In the US, the A1000 was marketed as The Amiga from Commodore, with the Commodore logo omitted from the case. The Commodore branding was retained for the international versions.

Additionally, the Amiga 1000 was sold exclusively in computer stores in the US rather than the various non computer-dedicated department and toy stores through which the VIC-20 and Commodore 64 were retailed. These measures were an effort to avoid Commodore's "toy-store" computer image created during the Tramiel era.

Along with the operating system, the machine came bundled with a version of AmigaBASIC developed by Microsoft and a speech synthesis library developed by Softvoice, Inc.

== Aftermarket upgrades ==
Many A1000 owners remained attached to their machines long after newer models rendered the units technically obsolete, and it attracted numerous aftermarket upgrades. Many CPU upgrades that plugged into the Motorola 68000 socket functioned in the A1000. Additionally, a line of products called the Rejuvenator series allowed the use of newer chipsets in the A1000, and an Australian-designed replacement A1000 motherboard called The Phoenix utilized the same chipset as the A3000 and added an A2000-compatible video slot and on-board SCSI controller.

== Reception and impact ==
In its product preview, Byte magazine was impressed by the computer's multitasking capabilities and the quality of its graphics and sound systems. It also praised its text-to-speech library for voice output, and predicted that the Amiga would be successful enough to influence the personal computer industry.

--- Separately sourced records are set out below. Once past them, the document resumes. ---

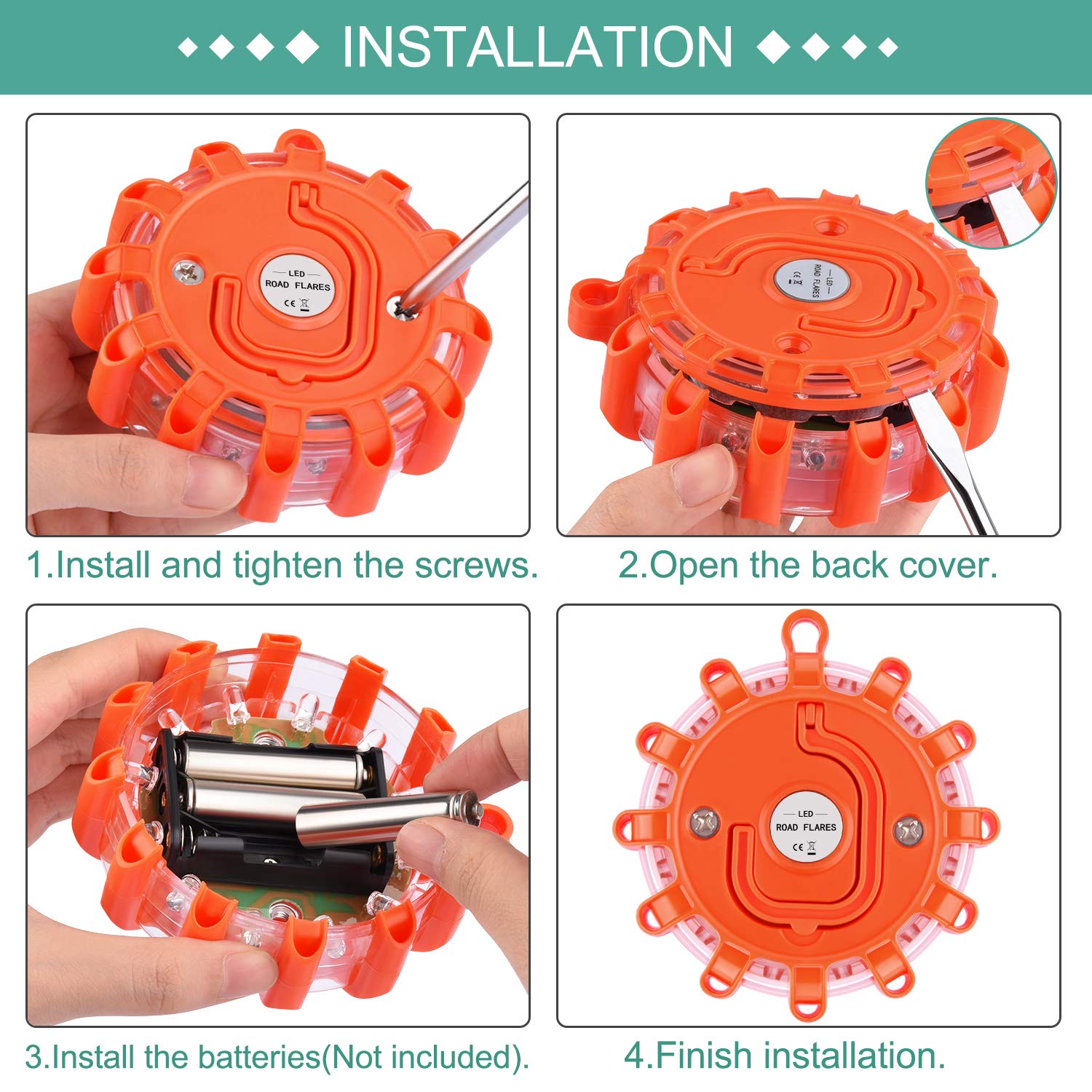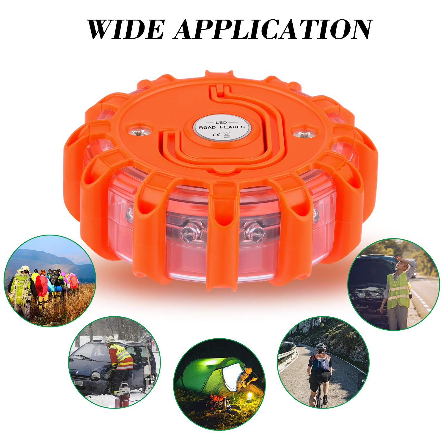 *High Quality Material: LED Road Flares are made of environmental protection ABS which makes the LED warning light shatterproof, crush-proof and rainproof, perfect for auto car trunk emergency, boat or bicycle emergency.
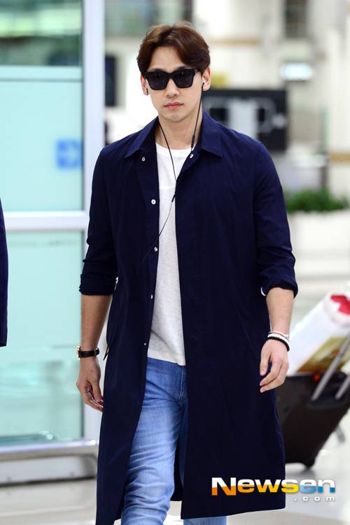 이날 비가 입국장을 나서고 있다.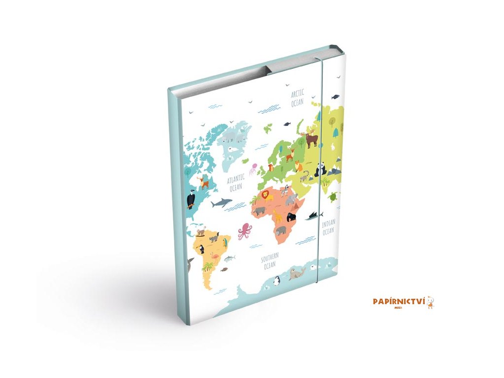 Školní desky na sešity ve velikosti A5 s motivem mapy světa. Jsou nezbytnou součástí vybavení každého školáka. Díky školním deskám budou všechny sešity a učebnice pohromadě a neponičené. Tyto desky na sešity jsou opatřeny gumou, která zabraňuje samovolnému otevření. Heft box je vyroben z kvalitního lepenkového kartonu, potaženého laminem. Z tohoto důvodu se dá velice lehce udržovat.Motiv: mapa světa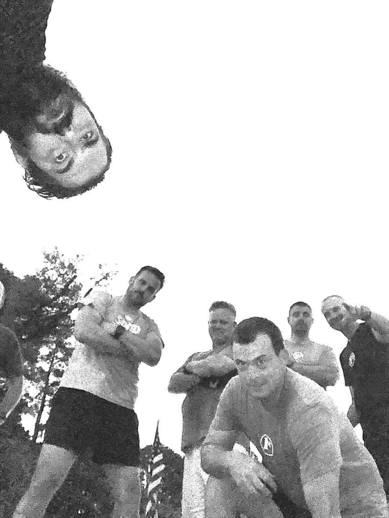Lynchpin/rotation:Furthest man from the playground runs to bike rack, turns around, runs to monkey bars for pullups and dead hangs after out of pullup gas, waiting for the next runner. Rotation is achieved by moving down to the next station when the runner arrives on the playground.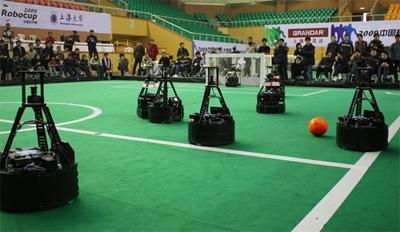 在ROBOCUP比賽中技術含量最高、參賽隊伍最多、競爭最為激烈的中型組足球機器人比賽中,廣茂達公司AS-RO機器人表現(xiàn)十分出色,9場比賽失一球,進70多球,以全勝的驚人成績,斬獲中型組桂冠,AS-RO機器人明年將代表中國參加在新加坡舉行的ROBOCUP世界杯賽。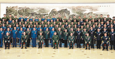 会前,习近平亲切接见出席十四届全国人大一次会议解放军和武警部队代表团全体代表,并同大家合影留念。

The Amiga 1000 was released to positive reviews. Compute! lauded it as an inexpensive, truly general-purpose computer that might break preconceptions dividing the microcomputer marketplace. In this case, it was capable of outperforming most business, as well as arcade game machines and delivering sampled sound, making it suitable for offices, gamers, and digital artists. Computer Gaming World praised the machine's versatility without any obvious hardware shortcomings and stressed that it was ideal for game designers demanding fewer system constraints. Creative Computing magazine had only minor criticisms for what they otherwise called a "dream machine." These criticisms were directed toward its case quality, the disk drives slowing during certain operations, and not finding an AUTOEXEC command in AmigaDOS, though the marketing vice president of Commodore, Clive Smith, assured the magazine that later production units would address most of its complaints. Months after the Amiga 1000 was released, InfoWorld offered a mixed review. It praised Intuition and the customizability of Workbench, but took issue with the operating system's bugs such as memory overflow and screen flickering of single lines as a result of their being interleaved when displayed in high resolution mode. It also criticized the sparseness of the software library preventing the publication from fully realizing the computer's potential.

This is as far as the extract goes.